BLACK / BLADE Enlarge

Optimists and pessimists are usually split evenly among just about any group of people, and LPGA Tour “semi-regular” Carri Wood is one of those glass-half-full types.

Wood would have to be one the way she has toiled on the outer fringes of survival as a professional golfer.

In her 10th year as a pro, including seven on the LPGA Tour, Wood not only has never won a tournament, she has never had a top-10 finish. Her career-best effort came in July of 2001 when she tied for 18th at the Sybase Big Apple Classic in New Rochelle, N.Y.

Thus, her 4-under 67 yesterday in the Jamie Farr Kroger Classic at Highland Meadows was a legitimate reason for Wood to feel upbeat.

That round - which included birdies on Nos. 2, 3, 8, 13 and 14 to go with a lone bogey on 16 - pulled her to 7 under for the tournament entering the final round, and put her in good position for a career-best finish.

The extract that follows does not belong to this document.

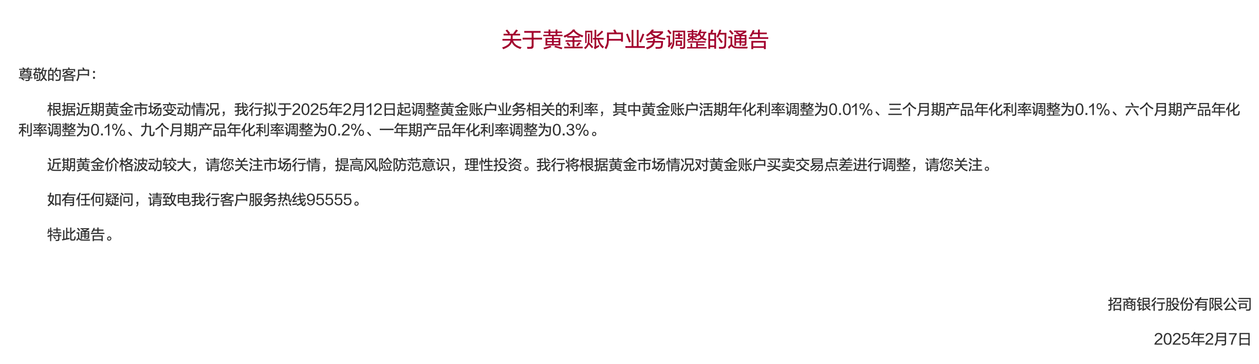 【環球網金融綜合報道】近日,招商銀行發佈通告,宣佈將於2月12日起對黃金賬户業務相關的利率進行調整。調整後,黃金賬户活期年化利率將降至0.01%,三個月期及六個月期產品年化利率均調整為0.1%,九個月期產品年化利率為0.2%,一年期產品年化利率則為0.3%。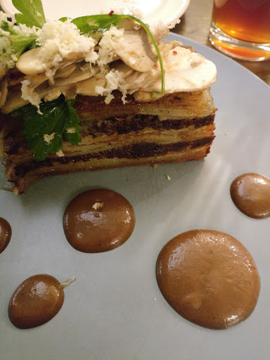 Service-10/10 Waiters are very pleasant and professional Food-10/10 (meat pie, interesting vegetables, and gnocchi) amazing flavor, if youre expecting large amounts this isnt the place, but the food is delicious! Atmosphere-10/10 Rustic and comfortable. Cleanliness-10/10 Very clean and neat. Hand soap smells good. Menu- 10/10 Simple and great not a million options but just enough to not overwhelm you.

The 67 was also just one stroke above her LPGA career-low score of 66 shot last year in the Kellogg-Keebler Classic in Aurora, Ill.

“I've had my ups and downs,” said Wood, who was out of the LPGA completely for three years (1995-97) after playing 14 events in her rookie season of 1994. “I haven't played great this year, but it only takes one good week.”

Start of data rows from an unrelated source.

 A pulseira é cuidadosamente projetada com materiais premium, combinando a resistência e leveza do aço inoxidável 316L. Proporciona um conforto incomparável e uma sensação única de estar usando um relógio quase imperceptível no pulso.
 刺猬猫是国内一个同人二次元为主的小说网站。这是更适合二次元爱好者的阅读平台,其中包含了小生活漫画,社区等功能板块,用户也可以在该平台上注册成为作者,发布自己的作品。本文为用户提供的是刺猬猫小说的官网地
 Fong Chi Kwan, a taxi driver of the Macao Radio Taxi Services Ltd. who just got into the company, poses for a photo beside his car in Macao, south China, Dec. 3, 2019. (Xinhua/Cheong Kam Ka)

Wood, whose career earnings over 107 LPGA events since her first in 1991 total just $163,399, stood at 138th on this year's money list at $19,903 entering the Farr Classic.

A top-10 finish would more than double that total, and that's a good thing for Wood, whose nonexempt player status prevents her from playing in some tournaments. She will play at the next three LPGA stops but, after that, she is guaranteed nothing.

“It's tough that way early in the season,” Wood said of getting into a tournament field, “but right now, when a lot of the girls are back in Europe playing, I get to get into a number of them. At the end, I might not be in the last few because everyone's fighting for their tour cards. I really have to play well these next three weeks.”

Wood works every off-season, most recently in the pro shop at a country club back home. That employment gives her an opportunity to play and practice during the LPGA's lengthy down time, and to make ends meet. She earned $31,663, $54,075 and $41,953 the last three years in tournaments.

“We do a lot of pro-ams and I've worked throughout the winter,” Wood said of her extra income. “Otherwise, you just keep plugging away. There's been times when I've wondered, `Boy, should I even be out here?' And then you have weeks like this that you think, `Well, I am halfway decent and I can compete out here.' You've just got to believe in yourself.”

With golf earnings money having never been in abundance for Wood, she has learned how to survive.

“You try to stay in homes with families some weeks, and you drive to tournaments sometimes rather than flying,” she said. “You learn how to cut costs. I've been out here doing this for 10 years, so I know how to budget, and I've had a couple decent sponsors that have helped.”

Wood, 32, is a Massachusetts native who resides in Cape Cod. She played collegiately at Mississippi State University, where she was a three-time All-American and All-Southeastern Conference player, and won the 1992 SEC individual title. In 1991 she was runner-up in the U.S. Public Links Championship, and in 1988 and '89 she was the Massachusetts state high school champion.

In her three years away from the LPGA, Wood played on the Futures Tour and on the Asian Tour. She had moderate success - but no wins.

“I think the only thing that defeats me is myself,” she said. “Some of my playing partners have told me that I'm a good player and that I just have to believe it and go out and trust it.

“I've never completely said, `I can't do this anymore.' I seem to just keep fighting and clawing and hanging in there. I love the game and I love what I'm doing. As long as I can make my bills and don't owe money to anyone, I'll stay with it. I'm my own boss. Nobody's telling me what to do or where to go. I like that.”